Donate
Self-Organization

Горизонтальная кастрация

Unlimited Vibes10/11/22 21:321.8K🔥

Неочевидная связь между капитализмом и психоанализом в интервью moloko plus.

В современной психологии существует понятие «зрелого бунта». Бунт подростковый — это аффект, слепое стремление проявить, манифестировать себя через акт агрессии, часто не согласующийся с реальностью. Зрелый бунт — понятие более неоднозначное, потому что зависит от множества социальных и личностных факторов. То есть — дело сугубо индивидуальное. Именно поэтому после 25 лет возрастная психология разводит руками и оставляет за каждой отдельной личностью право на собственную форму и собственный способ говорить «нет». Никаких готовых решений о том, как правильно это делать у психотерапевтов и психоаналитиков нет.

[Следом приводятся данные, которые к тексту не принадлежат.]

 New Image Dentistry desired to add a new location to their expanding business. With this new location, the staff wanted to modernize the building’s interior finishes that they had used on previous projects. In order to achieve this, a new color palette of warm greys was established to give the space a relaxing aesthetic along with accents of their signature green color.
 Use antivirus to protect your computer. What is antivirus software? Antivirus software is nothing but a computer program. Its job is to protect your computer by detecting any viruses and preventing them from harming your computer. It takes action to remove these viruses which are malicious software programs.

Я пошла ва-банк и решила поговорить о формах бунта с редакцией moloko plus, разумея, что порой самые экстравагантные идеи приходятся кстати в эпоху тотальной неопределенности.

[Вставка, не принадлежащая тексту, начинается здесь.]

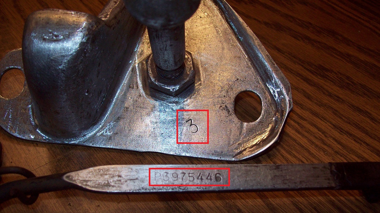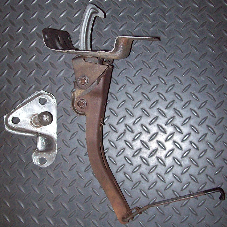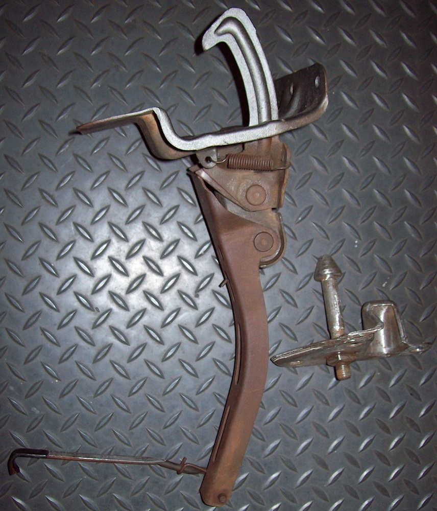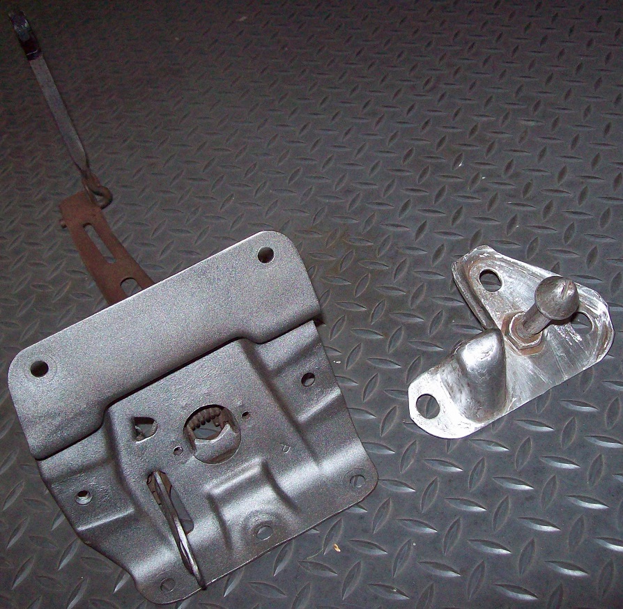 Assembly line "Born With" Used Upper and Lower Hood Latch/Catch Set. Upper piece was painted Blue for some reason so I stripped the paint off and it is now ready for the grey phosphate coating. Lower piece all springs have perfect return - forward action and just needs a good blast and re coating. Parts has a nice clean clear part number on the release arm and clear casting Letter/Number "P" + "3" see photos.

Как удалось подружить в голове модель капитализма и горизонтальные связи?

Л. В какой-то момент мы начали задавать себе вопрос: чего мы больше хотим? Какого-то позиционирования, или мы хотим достигать каких-то конкретных целей? Редакция посидела, почесала голову и решила, что мы хотим платить людям зарплаты, зарабатывать деньги. Мы хотим расширения. Мы хотим больше «Молока». Как мы можем это сделать? Ставить себе цели на зарабатывание денег. Да, горизонтальная структура от этого пострадала. Любая горизонтальная структура — очень медленная. Она долго раскручивается, постоянно провисают какие-то задачи. Мы чуть-чуть сократили эту горизонтальность и наделили некоторых людей на окладе большими полномочиями. Люди на зарплате теперь каждый месяц отчитываются перед коллективом за то, что они сделали за свои деньги.

П. Первый кризис горизонтальности у нас случился, когда мы ввели оплату за SMM. Как только мы с этим столкнулись, мы решили, что все процессы необходимо формализовать и оптимизировать. Иначе было невозможно гарантировать, что люди получат деньги за свою работу. С этого момента мы стали думать, что нам делать с коллективом, с доходами и так далее.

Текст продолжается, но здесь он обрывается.